On one side are the $100 billion in guaranteed revenue, $22 billion in performance bonds, and long-term agreements extending to 2030; on the other side are the continuously expanding HBM, advanced DRAM, and advanced packaging capacities. By comparing this data, the current expansion activities seem more like executing already locked orders rather than the traditional bet on the economic cycle based on demand forecasts.
Micron's financial report reignites the semiconductor bull market
Before Micron's earnings report was released this season, sentiment around this semiconductor bull market had actually begun to soften slightly.
Earlier this week, the Korean semiconductor sector just experienced a noticeable pullback, with major companies like SK Hynix and Samsung Electronics coming under pressure together.

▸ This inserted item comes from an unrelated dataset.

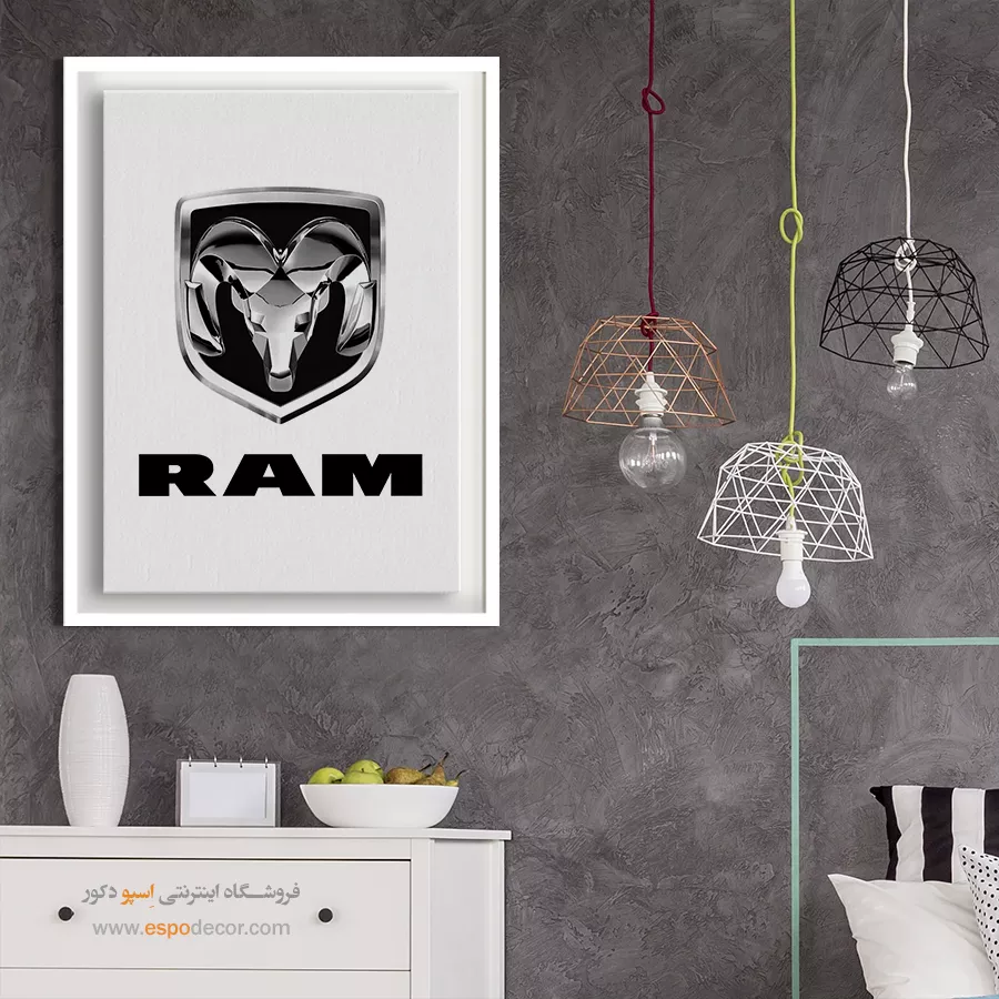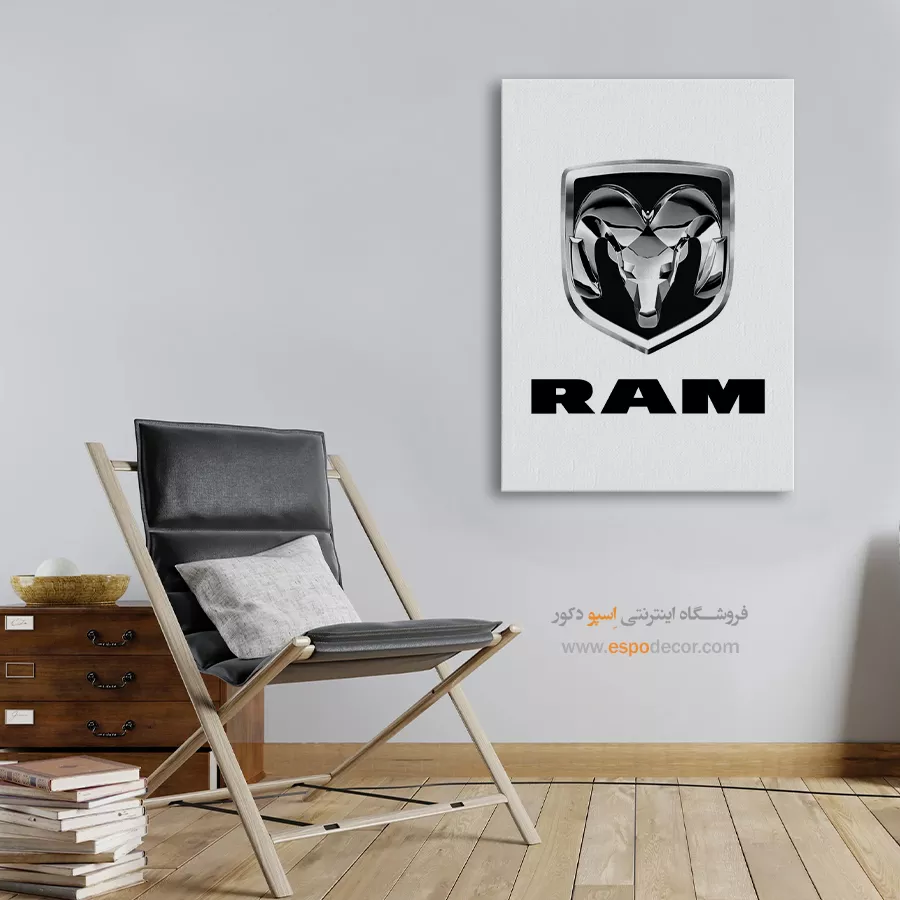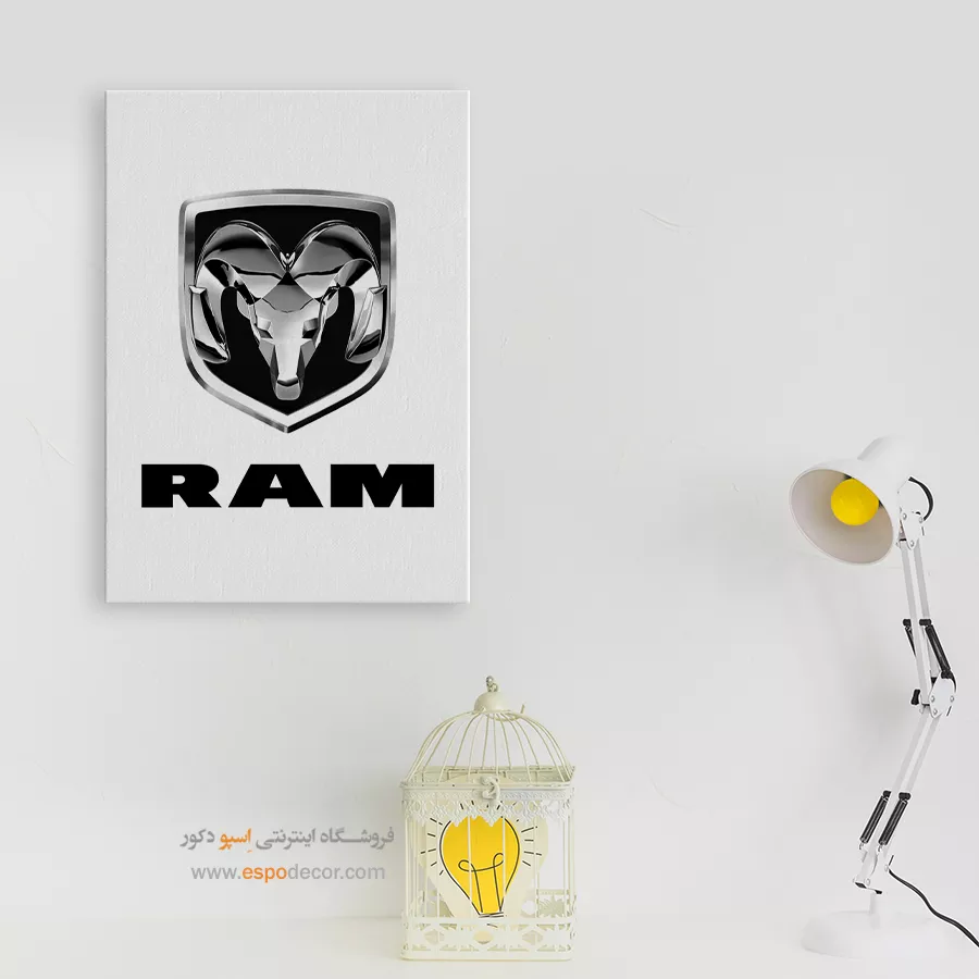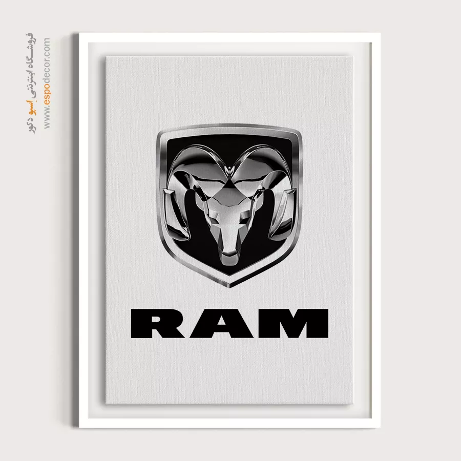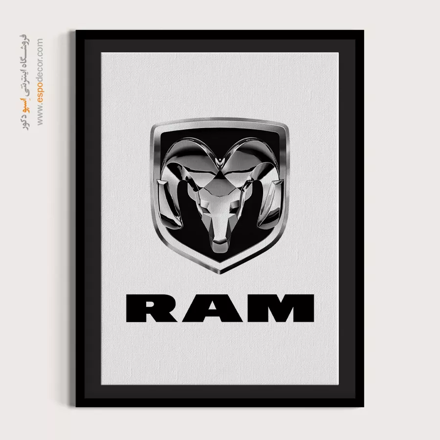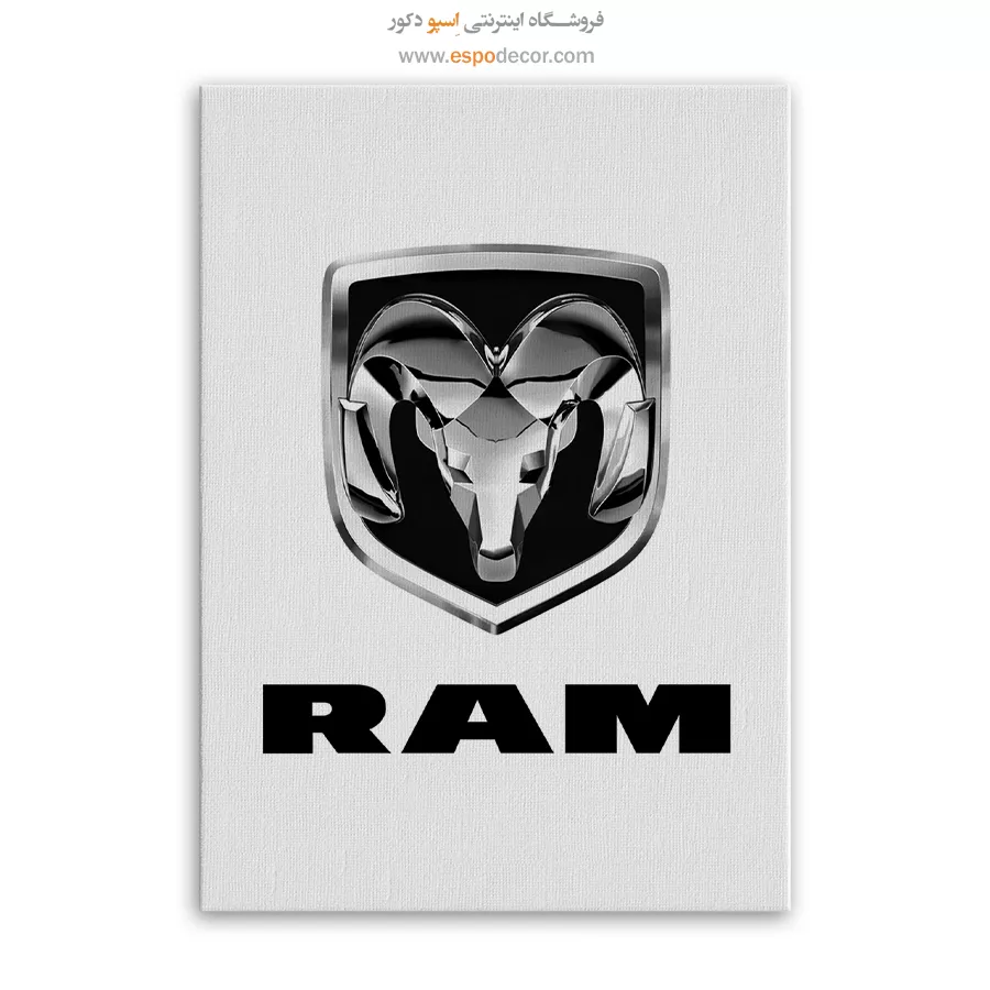 این طرح، لوگوی برجسته و قدرتمند برند **رم (Ram)** را به نمایش میگذارد. لوگو از دو بخش اصلی تشکیل شده است: نماد **سر قوچ (Ram)** به صورت سهبُعدی و کرومی در یک قاب **سپر** در بخش بالایی، و نام نوشتاری **RAM** با فونتی بلوکمانند و قاطع در پایین. سر قوچ با **شاخهای بزرگ و پیچدرپیچ** و چهرهای مصمم طراحی شده که حسی قوی از **مقاومت، سرسختی، قدرت بیپایان و توانایی عبور از هر مانعی** را منتقل میکند. جلوه **کرومی براق** نشان، کیفیت ساخت و استحکام صنعتی برند را برجسته میسازد. تایپوگرافی پررنگ و هندسی **RAM**، بدون هیچگونه تزئین اضافی، بر سادگی، قدرت و حضور محکم برند تأکید دارد. این تابلو یک قطعه دکوراتیو ضروری برای گاراژهای خودروهای سنگین، دفاتر ساخت و ساز و فضاهایی است که به دنبال القای حس **قدرت، اراده و کارایی بینظیر** هستند.جلوه چاپ: بازتولید درخشش کرومی و عمق سهبُعدی روی بوم گالری ضد فرسایش

Some investors began to worry whether AI trading had become too crowded after the crazy rise over the past year.
Micron provided a rather straightforward answer—it’s not that demand has peaked, but that the market still underestimates the demand.
From the greatly exceeding expectations Q3 performance to the guidance for Q4 revenue reaching $50 billion; from sold-out HBM capacity to long-term strategic agreements extending to 2030, all are conveying the same signal—AI infrastructure construction is still accelerating, not slowing down.
After the report was released, Micron surged 16% in after-hours trading, driving shares of U.S. semiconductor companies like Intel, ASML, Marvell, and Qualcomm to rise collectively; South Korean and Japanese stocks opened high and continued to rise, with the Korean stock market once again experiencing a circuit breaker, leading to significant rebounds for Samsung and Hynix; after the A-share market opened, the semiconductor industry chain also strengthened, leading with memory and advanced packaging sectors.
In a certain sense, this is no longer just a report belonging to Micron, but another strengthening of confidence for the entire semiconductor industry. Because the market has once again confirmed one thing—the AI story is far from over, and storage is becoming an increasingly important protagonist in this story.